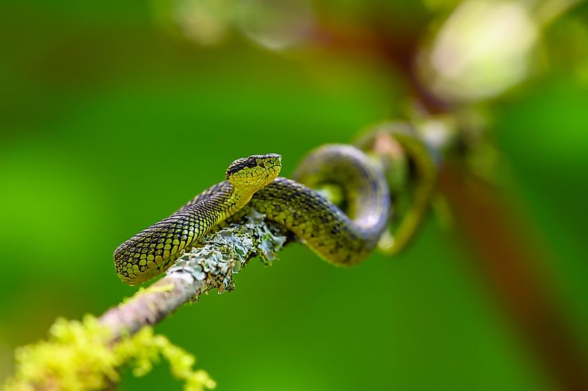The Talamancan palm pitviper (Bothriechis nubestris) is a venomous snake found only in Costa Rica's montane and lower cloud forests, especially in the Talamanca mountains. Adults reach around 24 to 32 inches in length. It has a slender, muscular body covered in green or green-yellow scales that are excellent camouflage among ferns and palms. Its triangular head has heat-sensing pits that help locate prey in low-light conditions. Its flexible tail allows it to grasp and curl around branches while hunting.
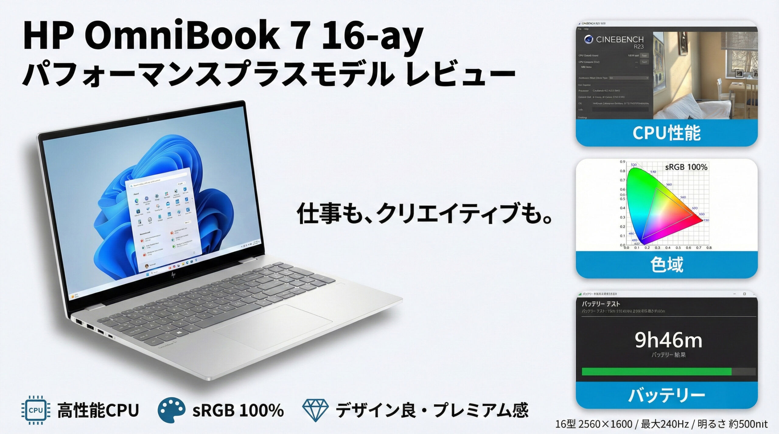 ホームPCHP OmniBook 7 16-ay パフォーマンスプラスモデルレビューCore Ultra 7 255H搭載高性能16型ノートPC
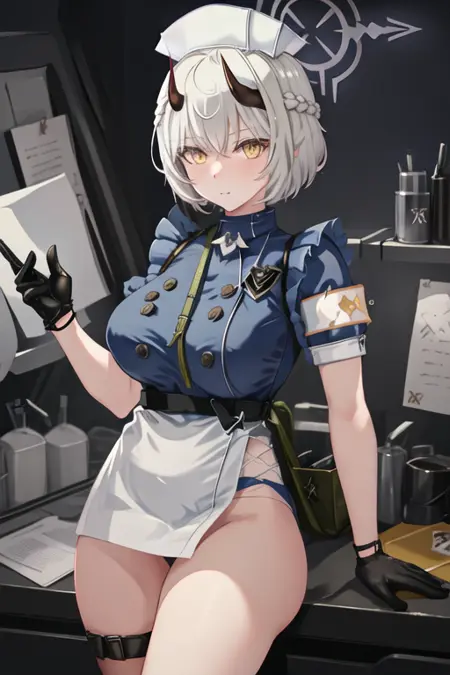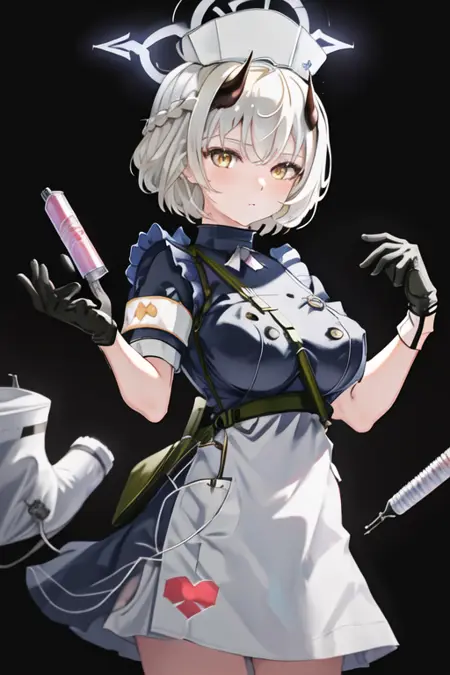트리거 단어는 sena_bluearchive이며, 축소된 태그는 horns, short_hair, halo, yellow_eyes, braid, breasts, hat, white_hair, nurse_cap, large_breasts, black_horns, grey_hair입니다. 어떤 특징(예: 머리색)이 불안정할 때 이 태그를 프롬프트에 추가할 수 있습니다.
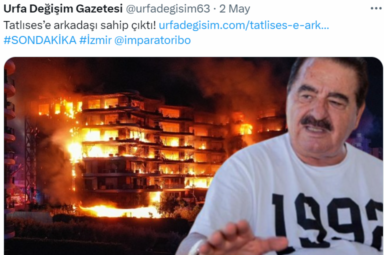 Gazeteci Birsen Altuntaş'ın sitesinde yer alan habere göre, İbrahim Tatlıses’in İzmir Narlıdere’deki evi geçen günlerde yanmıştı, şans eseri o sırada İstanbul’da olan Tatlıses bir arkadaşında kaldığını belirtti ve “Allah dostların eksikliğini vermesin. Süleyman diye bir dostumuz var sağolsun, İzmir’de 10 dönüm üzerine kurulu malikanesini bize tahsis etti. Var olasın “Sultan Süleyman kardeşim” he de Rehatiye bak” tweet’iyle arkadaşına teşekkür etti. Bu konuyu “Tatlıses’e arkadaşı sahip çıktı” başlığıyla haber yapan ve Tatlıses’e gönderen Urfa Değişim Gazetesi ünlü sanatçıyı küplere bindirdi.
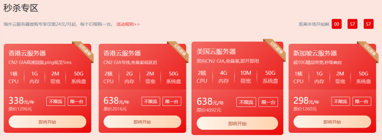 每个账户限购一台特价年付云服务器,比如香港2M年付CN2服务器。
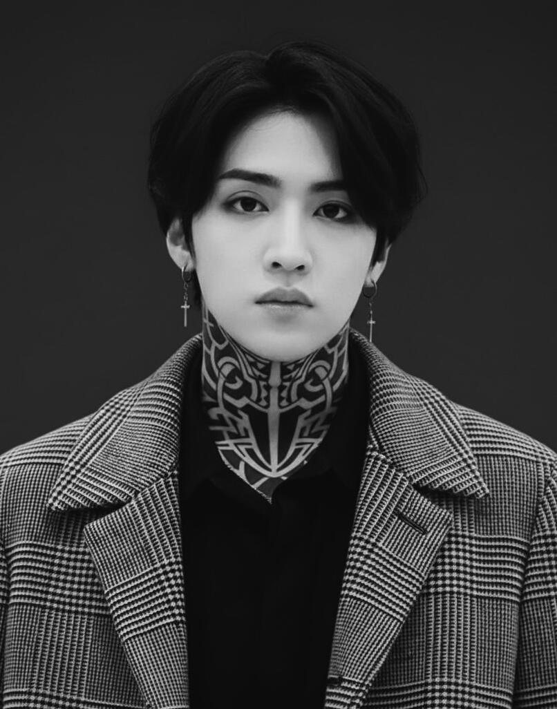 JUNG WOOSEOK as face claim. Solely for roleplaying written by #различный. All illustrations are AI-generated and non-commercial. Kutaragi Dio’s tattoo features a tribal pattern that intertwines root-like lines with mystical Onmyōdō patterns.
::::::::
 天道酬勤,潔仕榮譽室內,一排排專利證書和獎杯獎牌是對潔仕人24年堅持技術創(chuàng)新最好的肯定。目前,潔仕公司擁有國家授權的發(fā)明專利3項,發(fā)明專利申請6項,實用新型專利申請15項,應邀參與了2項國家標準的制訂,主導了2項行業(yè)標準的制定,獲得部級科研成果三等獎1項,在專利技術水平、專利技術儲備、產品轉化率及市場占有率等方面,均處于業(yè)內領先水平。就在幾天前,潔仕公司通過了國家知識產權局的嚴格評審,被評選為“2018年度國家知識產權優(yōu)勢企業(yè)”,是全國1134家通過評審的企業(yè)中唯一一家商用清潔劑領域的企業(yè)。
::::::::
(About this task)
Looking at the listing above, which lines run from the one containing "ホームPCHP OmniBook 7" through the one containing "트리거 단어는 sena_bluearchive이며, 축소된"? Print exactly those, ends included, pictures excluded.

(Response area)
 ホームPCHP OmniBook 7 16-ay パフォーマンスプラスモデルレビューCore Ultra 7 255H搭載高性能16型ノートPC
트리거 단어는 sena_bluearchive이며, 축소된 태그는 horns, short_hair, halo, yellow_eyes, braid, breasts, hat, white_hair, nurse_cap, large_breasts, black_horns, grey_hair입니다. 어떤 특징(예: 머리색)이 불안정할 때 이 태그를 프롬프트에 추가할 수 있습니다.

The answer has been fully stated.